Reputation: 3426
I've installed Apache Spark 1.5.2 (for Hadoop 2.6+). My cluster contains of the following hardware:
Actually my slaves file has the two entries:
slave1_ip
slave2_ip
Because my master also has a very "strong" hardware, it wouldn't be used to capacity only by the master threads. So I wanted to ask whether it is possible to provide some of the CPU cores and the RAM from the master machine to a third worker instance...? Thank you!
FIRST ATTEMPT TO SOLVE THE PROBLEM
After Jacek Laskowski's answer I set the following settings:
spark-defaults.conf (only on Master machine):
spark.driver.cores=2
spark.driver.memory=4g
spark-env.sh (on Master):
SPARK_WORKER_CORES=10
SPARK_WORKER_MEMORY=120g
spark-env.sh (on Slave1):
SPARK_WORKER_CORES=12
SPARK_WORKER_MEMORY=60g
spark-env.sh (on Slave2):
SPARK_WORKER_CORES=6
SPARK_WORKER_MEMORY=60g
I also added the master's ip address to the slaves
file.
The cluster now contains of 3 worker nodes (slaves + master), that's perfect.

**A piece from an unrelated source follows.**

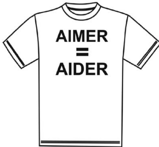
FIGURE 1. Graphical representation of the T-shirt used in the “Loving = Helping” condition.

The experiment was conducted on different campus locations in a large town of more than 300,000 inhabitants near the West Atlantic coast of France. The participants were solicited when entering different areas of the campus: libraries, cafeteria, and School buildings or when walking on the campus. As in previous years, announcements about the blood drive were posted in several places inside and outside the campus buildings.

BUT: The web UI shows that there're only 1024m of RAM per node, see Screenshot:
Can someone say how to fix this? Setting spark.executor.memory will set the same amount of RAM for each machine, which wouldn't be optimal to use as much RAM as possible...! What am I doing wrong? Thank you!
Upvotes: 3
Views: 1533
Reputation: 2441
I know this is a very old post, but why wouldn't you set the property spark.executor.memory in spark-default.xml? (OR --executor-memory) Note this value is 1024MB by default and that is what you seem to be encountering.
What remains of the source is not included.